Here it is. Bammm. And you say, Goddamn. This is a dope jam.
As the suburban classic rocker, I had about as much interest in rap music as I did in income tax reform. This had nothing to do with race, or bein' a playa hater (I don't think they had playa haters yet), but it did have to do with my then-fascination with technical proficiency, hard work, talent, dizzying study, pyrotechnics, level-of-difficulty in music. At the time, my interest in musicianship was based on who was the best empirically. Eddie Van Halen played fast. Ginger Baker drummed like three drummers. Geddy Lee did things with a bass that no one else did, therefore he was a genius worthy of respect. Robert Plant could screech high notes higher than the other leading brand's high notes. At this point in my development, emotion and feel had no currency with me. I scoffed at bands like U2, who were very popular at the time, because none of their songs were over four minutes.
If I scoffed at U2, imagine how I felt toward rap. I mean, shit, they didn't even play instruments! I kinda thought break dancing was neat to watch, but that fad ended quick and we were left with the horrible music. A bunch of people talking. Shit, anyone could do that.
At age 14 or so I went to summer camp and "dirty rap" was very much the rage. The Geto Boys and the 2 Live Crew were smuggled in from a friend of a friend who made a dub from someone's older cousin. (This was before 2 Live Crew became a flashpoint issue--yes, I am bragging that "I listened to the 2 Live Crew before they were famous.") I ignored it as music, but the lurid descriptions of buttsex did fascinate me.
When I would borrow these circulated tapes of "dirty rap," I would occasionally slip the cassette onto side b. Someone had scrawled "It Takes A Nation -- P.E." on the tag. These songs had few cuss words, and were not about buttsex. So I largely ignored them. But when I made my own 5th generation dub of this tape, I figured it'd be no harm to copy side B, too.
I think you know where this is going. Buttsex jokes get old eventually (they have more staying power when you are 14, but still . . .) A landmark achievement in rhythm, a Rosetta stone of a new artistic idiom, a reconfiguration of musical perspectives, descriptions that are just the tip of the iceberg in defining the importance of "It Takes A Nation Of Millions To Hold Us Back" by Public Enemy, hell, that eventually makes itself heard.
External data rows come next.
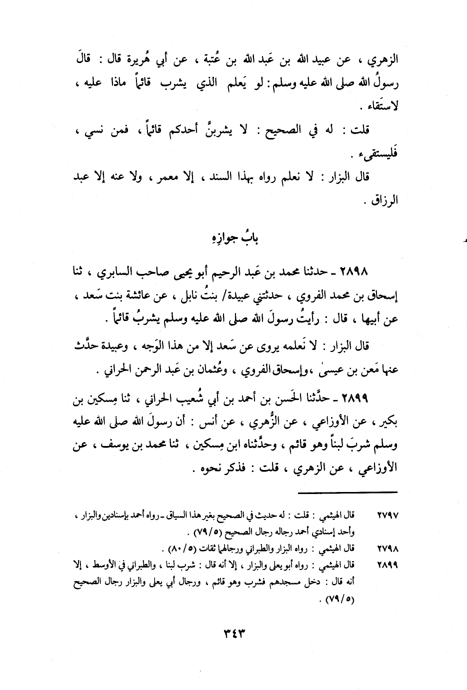 2898 - حَدَّثَنَا مُحَمَّدُ بْنُ عَبْدِ الرَّحِيمِ أَبُو يَحْيَى صَاحِبُ السَّابِرِيِّ، ثنا إِسْحَاقُ بْنُ مُحَمَّدٍ الْفَرْوِيُّ، حَدَّثَتْنِي عُبَيْدَةُ بِنْتُ نَابِلٍ، عَنْ عَائِشَةَ بِنْتِ سَعْدٍ، عَنْ أَبِيهَا، قَالَ: رَأَيْتُ رَسُولَ اللَّهِ صَلَّى اللَّهُ عَلَيْهِ وَسَلَّمَ يَشْرَبُ قَائِمًا.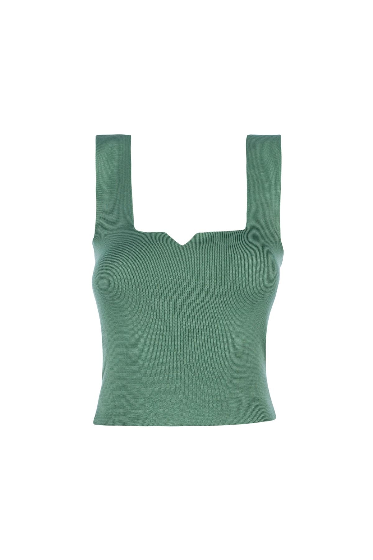Thick-strapped Crop Knitwear, which differs from other blouses with thick straps and chest cut details, can be combined with a denim skirt and sneakers in summer, and with mom jeans in casual chic in winter.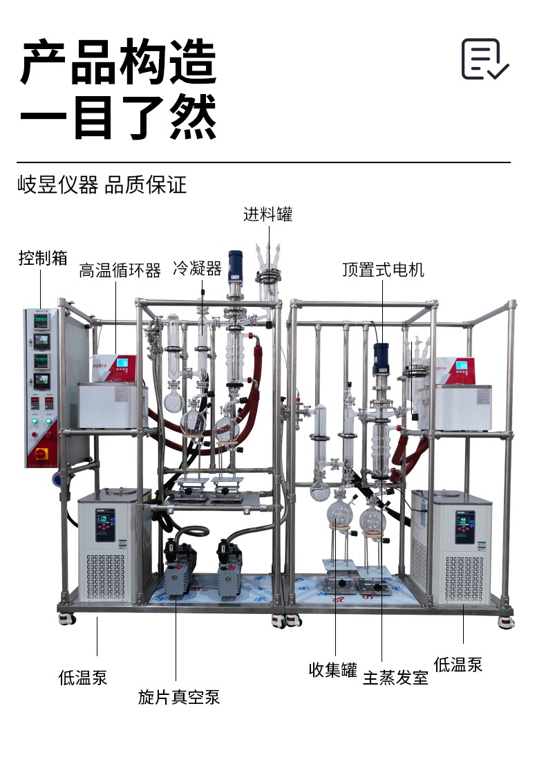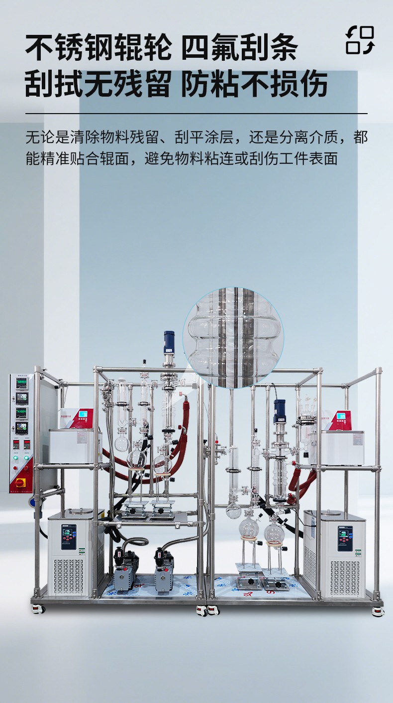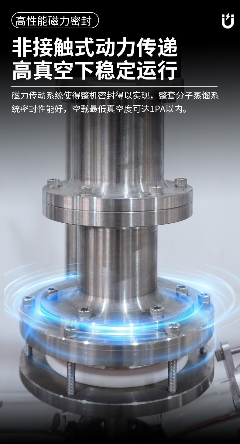 磁力传动系统使得整机密封得以实现,整套分子蒸馏系

Don't worry, flavor vision ain't blurry.
Imagine how stunned I was when I was humming along to Public Enemy. I thought that the whole point of rap was that you couldn't hum along. It's non-musical, right? Just people talking. What Public Enemy introduced me to, really, was rhythm-as-melody. What P.E. did was take whole chunks of sound from all over the map and smash them to bits to form a sound collage. And that's just for the background. Chuck D. and Flavor Flav would find the cadence to lay in their raps in ways as unique and perfect as the best jazz instrumentalists.
It was P.E. that eventually led me to James Brown, to Parliament, to WAR, to Herbie Hancock, even to Stevie Wonder. It was also on this album that I first heard words like Farrakhan or Malcolm or Panthers. I'll admit that I didn't spend too much time dissecting the lyrics (who could, with that much funk flying in your face?) but the interstitial speeches from great black activists certainly did effect me.
Mostly, this record made you feel like you had a set of testicles like bowling balls. Anyone could listen to Iron Maiden or Scorpions. This was the real tough guy shit. I remember my parents hearing "It Takes A Nation Of Millions To Hold Us Back" coming from my bedroom, and it truly bewildering them.
To this day, I still dislike 98 percent of the rap music I hear. I still think much of it is just non-musical. Nothing has ever achieved the level of creative ingenuity of Public Enemy. I still kinda roll my eyes at all the Kiss-like superhero stuff (just what exactly did Professor Griff and the S1Ws do?) But if you're one of those guys who just can't listen to rap, pick up this CD. It might surprise you.